SHARE

Ever since prehistoric man first set fires to drive game towards hunters and cliffs, humans have altered their environment for their own gain. No more so than in the years since the Industrial Revolution, when carbon emissions began to drastically alter Earth’s climate and atmosphere. And now that we know definitively that humans can alter Earth’s climate, some scientists have begun investigating ways to deliberately change the weather to offset the negative impact of a century of inadvertent human generated climate change.

The name for that deliberate, targeted climate change is geoengineering, and its on the mind of everyone from the National Academy of Sciences to Barack Obama’s science adviser.

On Monday, the National Academy of Sciences held a workshop on geoengineering, following an interview where White House Science Adviser John Holdren recommended increased research into the subject.
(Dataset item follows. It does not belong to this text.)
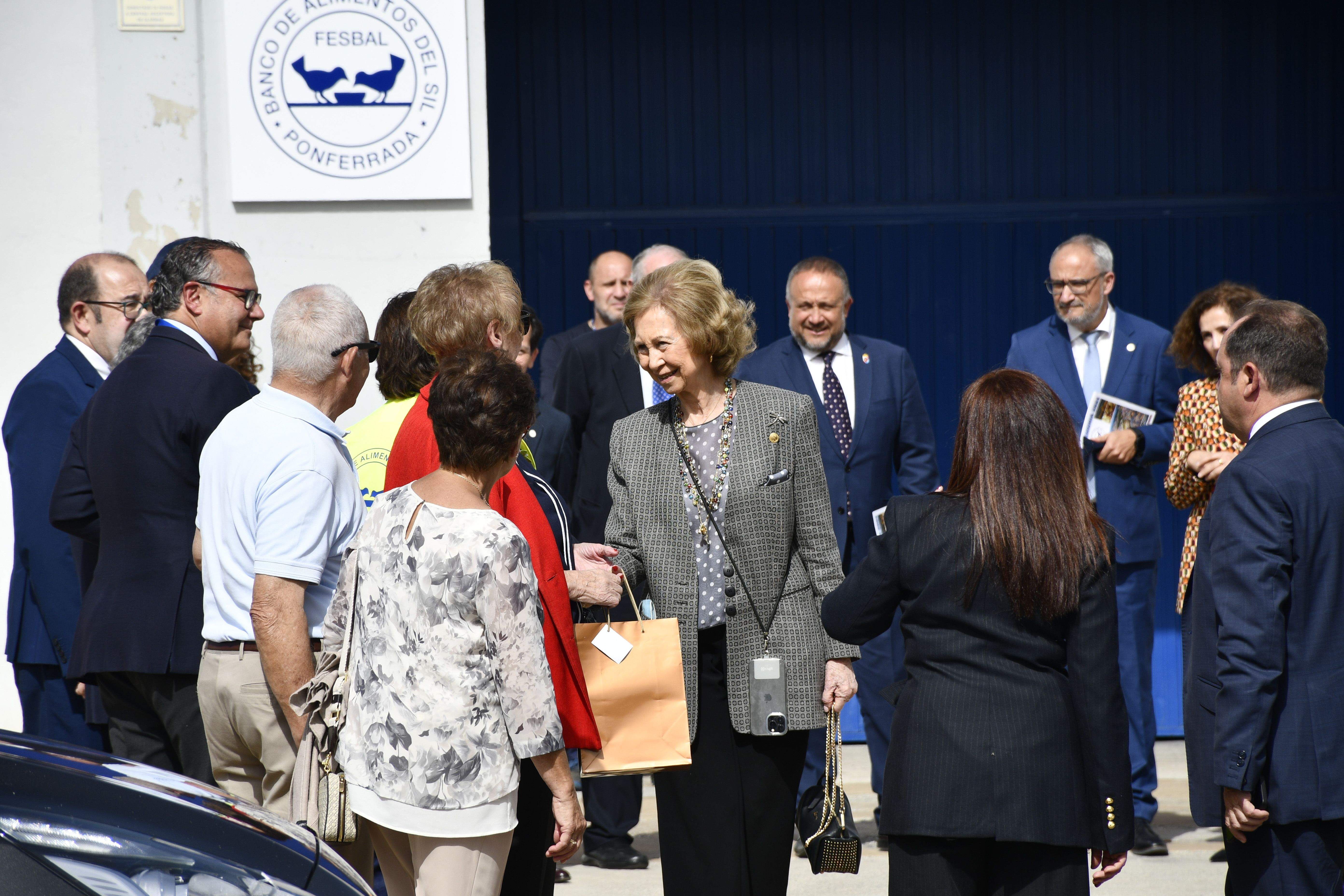 La reina Sofía visitó hoy las instalaciones del Banco de Alimentos del Sil (BAS) en Ponferrada y comprometió el apoyo de la Fundación que lleva su nombre para que la entidad disponga en próximas fechas de una furgoneta con plataforma elevadora para llevar a cabo el reparto entre las familias beneficiarias. Más de un centenar de personas se agolparon en los alrededores del estadio municipal El Toralín para recibir a la monarca con calurosos vítores, gesto que doña Sofía devolvió con un afectuoso saludo.

While the scientists at the workshop agreed that it was possible, there was disagreement about when to start testing the ideas, and whether or not the cure might be worse than the problem. <

According to National Public Radio, one of the more popular ideas involves seeding the sky with sulfur particulate to reflect the rays of the sun and cool the Earth. This solution mimics the changes in climate that follow large volcanic eruptions. In a recent article, The Atlantic Monthly deemed this the “Blade Runner scenario,” and listed some other possible geoengineering schemes, including pouring huge amounts of iron into the ocean to encourage carbon-absorbing algae blooms and using a fleet of 1,500 ships to churn up seawater to create more light reflecting clouds.

As Matt Springer at ScienceBlogs notes, no one is sure if any of these plans will work, if geoengineering is even legal, or what unintended nightmare consequences may result from wholesale disruption of the Earth’s carefully balanced ecosystem.

The global warming that results from man-made carbon emissions has shown that we can profoundly alter the climate. But the scientists interviewed in all those articles seem torn by the question of whether or not more human generate change is the appropriate, cheapest, and safest way to address the climate problem.